Saturday, February 10, 2007

End Of The Cliffs Of Moher?

The creation of a "must visit" and "must pay for" destination

Irish newspapers and media have heavily reported the opening of the new "Cliffs Of Moher Experience" and you'll find most tour itineraries will list a visit to this site as "Cliffs Of Moher Experience" rather than "The Cliffs of Moher".

The Irish Times columnist, Fintan O'Toole, described this "landmark" edition to Irish tourism in words that I could echo from my own feelings almost word for word, but I will use my own words to express my own feelings along with his.

First, lets give you a factual introduction of what has happened by these cliffs.

The Taoiseach Bertie Ahern, Ireland's leader, formally opened the new €31.5 million "Cliffs Of Moher Experience" centre in Co. Clare on February 8th 2007.

The Cliffs of Moher Visitor Experience includes an underground visitor centre and shopping centre close to the cliffs and Co. Clare has successfully been awarded a court order ending unlicensed busking, "street" trading and ceilis close to the Cliffs. The entire development was created through a vision of Co. Clare to make the Cliffs Of Moher a "must visit" tourist destination within Ireland.

The previous cozy tea room at the start of the mysterious natural cliff paths and the €5.00 parking fee have all gone. Cars are now charged €8.00 plus €4.00 a visitor. Other sites around Co. Clare do have admission charges, some also raising in line with Cliffs of Moher but offering discount if you visit several on one ticket. If I took my minibus there now it would cost us €60 plus €4 per person.


What's there for you now?

The "Cliffs of Moher Visitor Experience" includes the underground "Atlantic Edge" exhibition, multimedia experience and shopping mall, various purpose built viewing platforms, the O'Brien's Viewing Tower, modern concourse replacing the cliff paths and frequent sitting and resting benches.

For €1 million donation you could have your name exclusively attached to a "Premium Viewing Platform", €500,000 donation buys you an exclusive naming on a secondary cliff edge viewing platform, €50,000 puts your name on a large seating area and €25,000 get your name onto the smaller concourse benches.

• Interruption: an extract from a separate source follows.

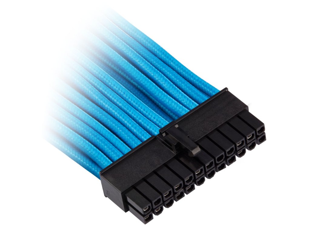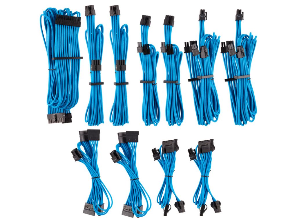 Táto súprava káblov pozostáva zjedenásť napájacích káblov s plášťomktorébez nevzhľadných teplom zmršťovaných hadičiek boli pripojené k zástrčkám. Pre čo najlepší vzhľad je každý káblový zväzok samostatne pokrytý nepriehľadným a pevným opleteným plášťom zvysokokvalitný materiál paracord v modrej farbe rukávy. Samotné spoje sú vyhotovené v čiernej farbe, aby vytvárali elegantný kontrast a jednotný dizajn.Na vyrovnanie napätia 12-voltovej koľajnice boli káble čiastočne pokrytédodatočne integrované kondenzátory vybavené. Sada káblov je kompatibilná s napájacími zdrojmi Corsair zo sérií RMi, RMx a HX (Platinum) a dosahujemaximálna bezpečnosťpri pripájaní napájacej jednotky k iným hardvérovým komponentom.

The last time I visited the Cliffs Of Moher it was the same adventurous and somewhat daring adventure that it has always been for 1000s of years. The sense of daring as you climbed the cliff paths near the cliff edge almost seemed to equal its unquestionable beauty as you stopped and viewed its geological, landscape and seascape wonders. You could leave the Cliffs with a sense of "I did that!" with a touch of the exhilaration of someone returning from a a South Pole expedition.

Today, it appears a visit to the Cliffs Of Moher would be entirely different, as different to a visit to Newgrange passage cairn is to visiting Loughcrew and Carrowkeel passage cairns in Ireland.


On the very virtual edge

To quote Fintan O'Toole of The Irish Times, "The Cliffs Of Moher are no more. They have been replaced by the Cliffs of Moher Experience. The elemental force has given way to entertainment value, the unknowable has been tamed by earnest education. Its centrepiece is a high tech exhibition area with interactive projections, touch screens, video games in which you can pretend to be a shark, and aerial films of Clare coastline. The climax is a multi-screen computer-generated film that, as the hand out puts it, allows visitors to stand on the very edge of the cliffs on a simulated summer day.

With the virtual reality cliffs and the simulated weather there is scarcely any need to step outside into unpredictable wind and disturbingly awesome sights. And if you dare there are customer service agents, rangers, maintenance operatives and a total of 100 staff to look after you.

Its all slick, polished, highly professional, impressively engineered ...... and utterly soulless.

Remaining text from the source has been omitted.